But doubts remain on its ability to become a full-service telco for the lucrative business customer.
The 50:50 joint venture, to be called VHA Pty Ltd, will market its products and services under the Vodafone brand but will retain exclusive rights to use the 3 brand in Australia.
Vodafone chief executive officer Vittorio Colao said to equalise the value difference between the respective businesses, Vodafone will receive a deferred payment of $500 million from VHA.
Warren Chaisatien, research director at local market research consultancy, Telsyte Research, said analysis based on market data for last June reveals that VHA would serve a quarter of Australian mobile users and 30 percent of 3G customers.
"The combined entity would be relatively strong in the consumer segment with an estimated 25 percent market share, while remaining a small player in the business segment with an estimated share of only 15 percent," he said.
"With Vodafone and Hutchison finding it difficult to grow market share on their own, Telsyte sees this merger as a marriage of mutual interest."
Chaisatien said it gives the telcos a chance to become a "credible No. 3", rather than a trailing No. 3 and No. 4, as they have always been.
"The merger will undoubtedly continue to enjoy unsurpassed brand awareness and innovation in the consumer market," said Chaisatien.
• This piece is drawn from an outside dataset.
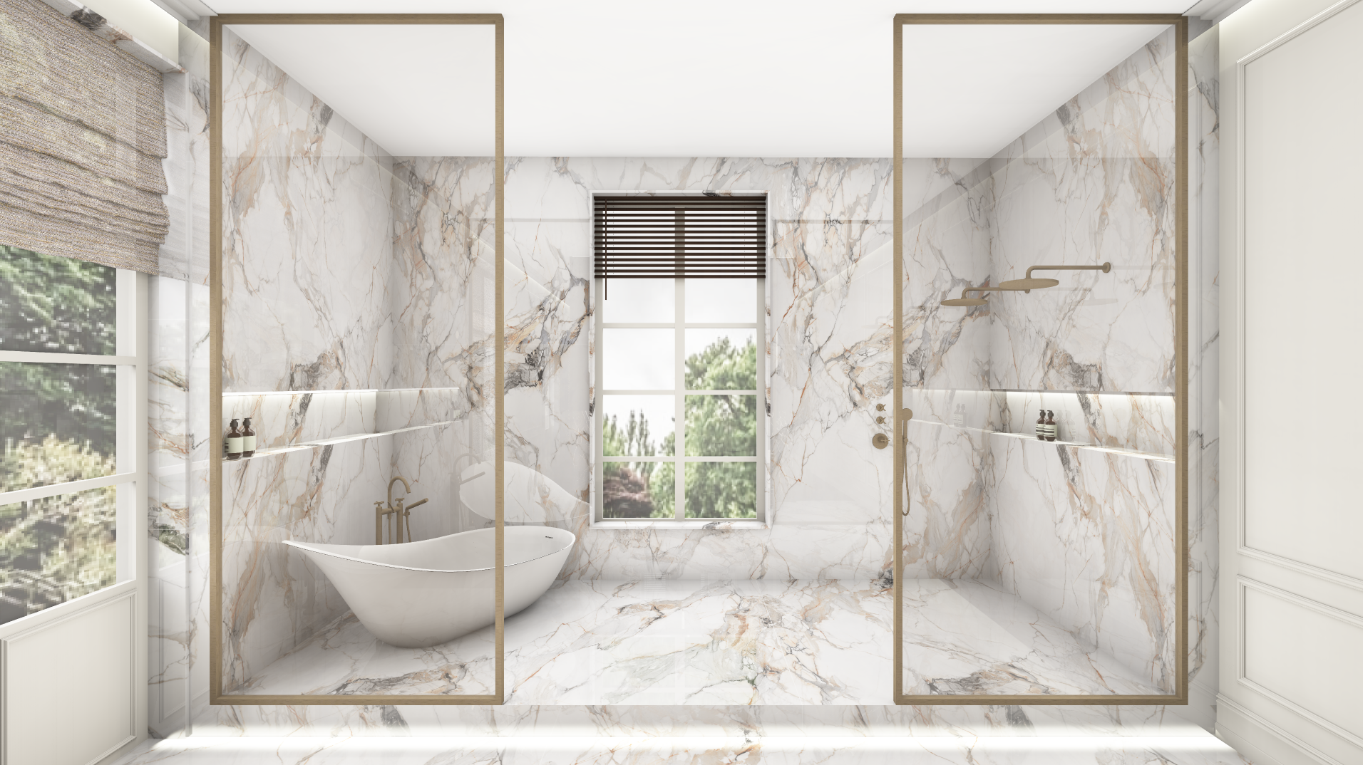 transform this image into an ultra realistic 3d photorealistic render preserve the exact original perspective camera angle proportions composition and geometry without any distortion or structural changes refine and enhance all materials to a high end interior standard using physically accurate pbr textures materials may be improved in quality and realism but must remain consistent with their original intent and placement do not introduce unrealistic or unrelated materials replace the floor with light natural stone elegant and refined with a soft subtle gloss finish the stone should have a calm minimal appearance with delicate and understated veining or texture no heavy patterns or strong contrasts create a warm hotel chic atmosphere with a refined and upscale look use a harmonious palette of warm neutrals beige champagne soft browns rich tones and elegant finishes apply soft balanced lighting with reduced contrast avoid harsh highlights and deep shadows use gentle transitions between light and shadow soft ambient illumination and a warm color temperature to create a calm and luxurious mood use a professional full frame camera look with realistic depth of field accurate exposure and soft tonal range no harsh contrast maintain clean flawless surfaces no dust no scratches no damage ensure a high resolution sharp output 8k quality with lifelike colors and a premium interior design feel do not redesign the space only enhance material quality and atmosphere no stylization or artistic reinterpretation less reflection in the glass wall

"Nonetheless, various critical issues remain unaddressed, including how the combined entity plans to attack the more lucrative business market and how it will embrace a future fixed-line strategy to compete with full-service rivals Telstra and Optus."
He said it was hard to see how this will lead to more competitive offerings for Australian mobile users.
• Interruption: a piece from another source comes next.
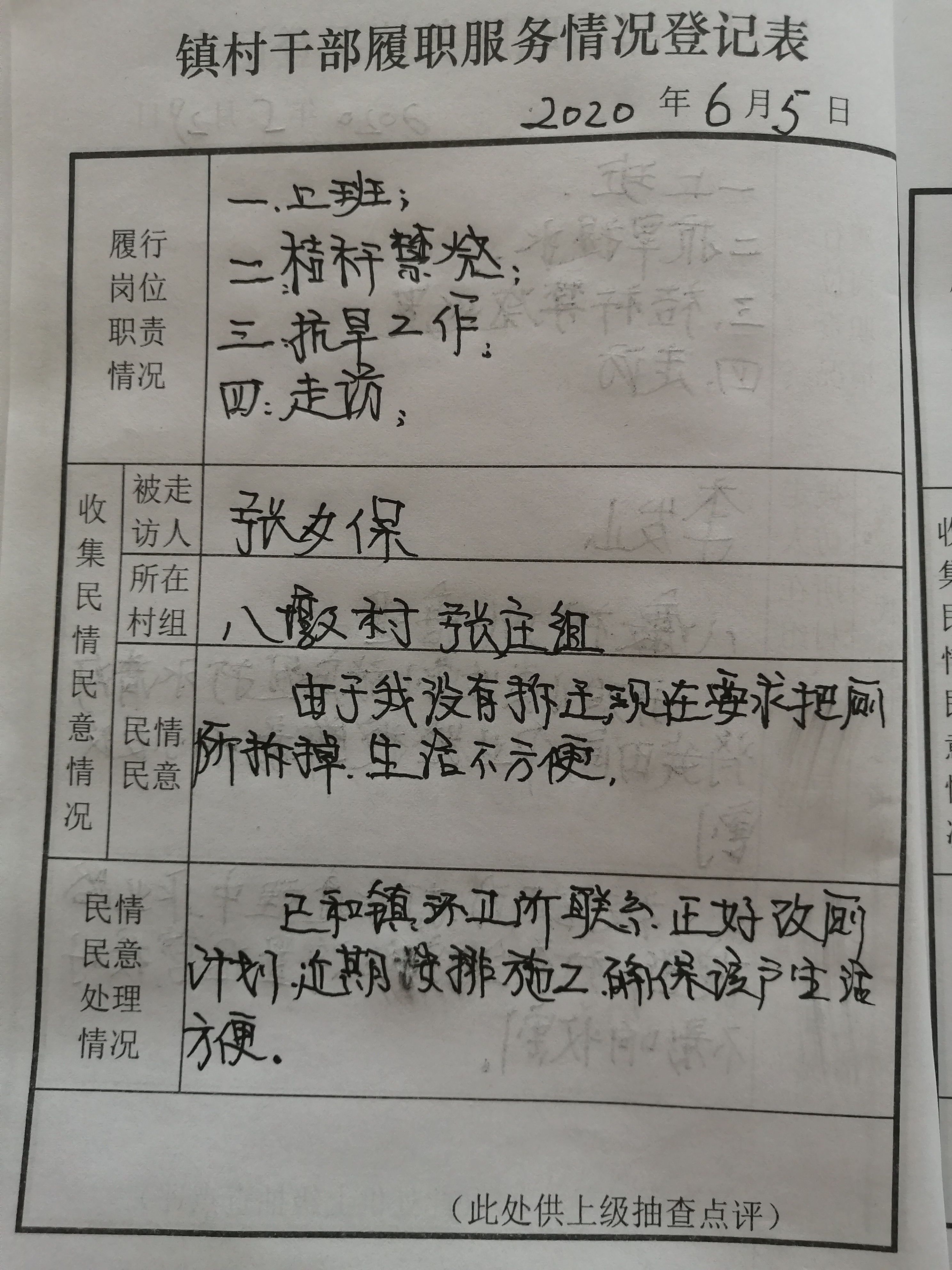 八墩村書記主任民情日志

"A lack of integration between Vodafone and Hutchison's ... networks would also pose a challenge to the companies' operations and, perhaps more importantly, the merger synergy which promises to deliver cost savings and more value to customers," claimed Chaisatien.
It is to be seen if savings will be passed on to customers in the form of more competition and better value. The two telcos have been reliant on price differentiation. Chaisatien said the merged business has its work cut out as it integrates the businesses and readies to tackle full-service rivals.